Given data below:
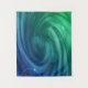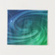 Tapestry abstrakte digitale Komposition mit verschiedenen Farben in den Farbtönen des Wassers, entsorgt in einem glatten und eleganten Farbverlauf, der von intensiv, rein blau zu reinem Grün geht. Während sich die Farben vermischen, kommt ein rotierender Wirbel heraus, wo die Konturen aus Farben, Lichtern und Schatten bestehen. Der gesamte Wirbel wird mit diskreten Funkelflecken vollendet, die wie in einem sehr leichten Buh-Effekt auf dem ganzen Bild entsorgt werden. Die ganze Idee erinnert an frisches, klares Wasser, das blau in der Sonne oder grün in den kalten Gletschern verblasst.
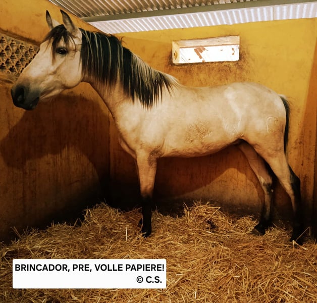 BRINCADOR, PRE, PAPELERÍA COMPLETA Caballo de venta Finca Barroco Este hermoso ejemplar de línea barroca, con un color especial, tiene 2,5 años, mide ya 1,57 m y acaba de salir del potrero de sementales. ❤ Puede quedarse con nosotros por un tiempo más y comenzar su entrenamiento en verano. A partir de los 3 meses ofrecemos paquetes de entrenamiento a precios especiales 👌 La castración tampoco es un problema; realizamos castraciones cada 14 días. Si estás interesado, contacta por WhatsApp: 0034 670 097 903. Precio acorde a la calidad. Un saludo, Carmen
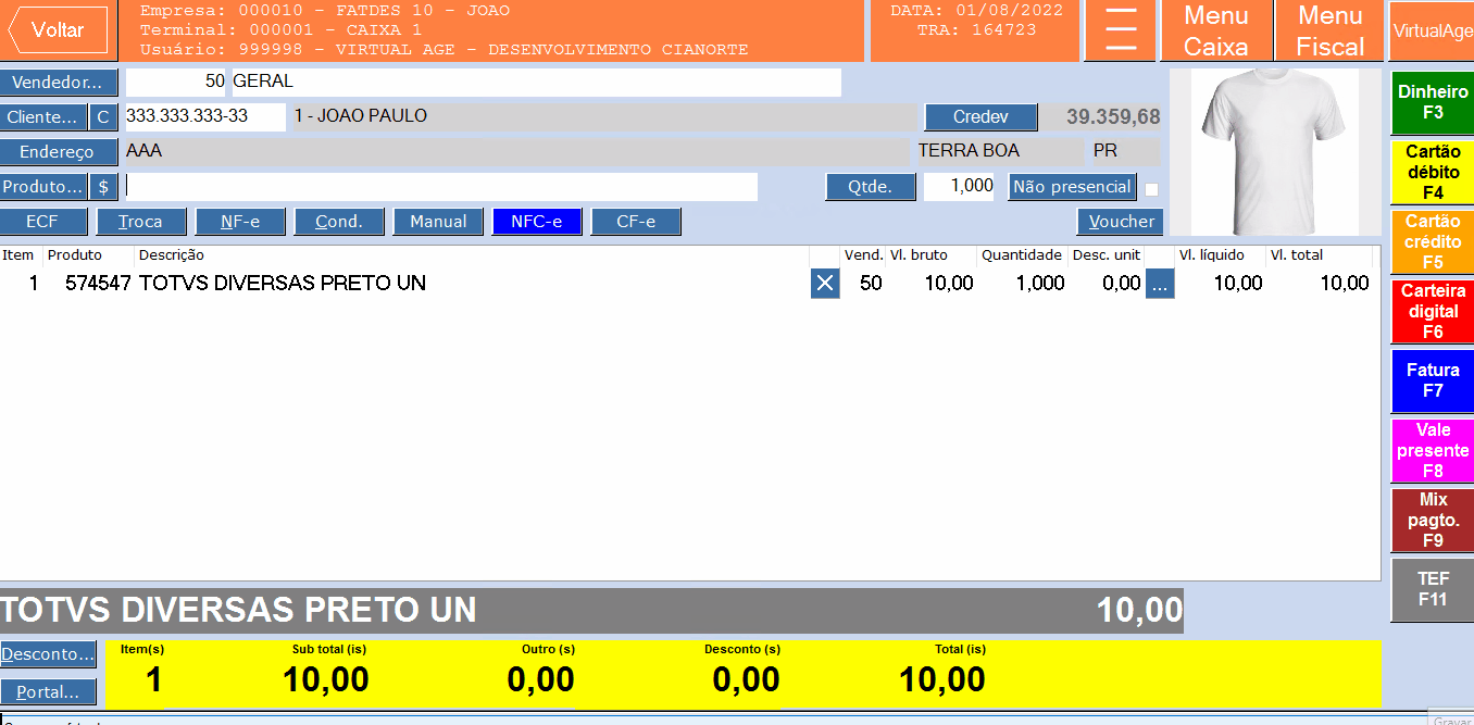 | Função: | Habilitar gravação de observação na NOTA FISCAL PDVFM001 |
End of Given data.
Omit the pictures, then quote the rest of the material above exactly.

 Tapestry abstrakte digitale Komposition mit verschiedenen Farben in den Farbtönen des Wassers, entsorgt in einem glatten und eleganten Farbverlauf, der von intensiv, rein blau zu reinem Grün geht. Während sich die Farben vermischen, kommt ein rotierender Wirbel heraus, wo die Konturen aus Farben, Lichtern und Schatten bestehen. Der gesamte Wirbel wird mit diskreten Funkelflecken vollendet, die wie in einem sehr leichten Buh-Effekt auf dem ganzen Bild entsorgt werden. Die ganze Idee erinnert an frisches, klares Wasser, das blau in der Sonne oder grün in den kalten Gletschern verblasst.
 BRINCADOR, PRE, PAPELERÍA COMPLETA Caballo de venta Finca Barroco Este hermoso ejemplar de línea barroca, con un color especial, tiene 2,5 años, mide ya 1,57 m y acaba de salir del potrero de sementales. ❤ Puede quedarse con nosotros por un tiempo más y comenzar su entrenamiento en verano. A partir de los 3 meses ofrecemos paquetes de entrenamiento a precios especiales 👌 La castración tampoco es un problema; realizamos castraciones cada 14 días. Si estás interesado, contacta por WhatsApp: 0034 670 097 903. Precio acorde a la calidad. Un saludo, Carmen
 | Função: | Habilitar gravação de observação na NOTA FISCAL PDVFM001 |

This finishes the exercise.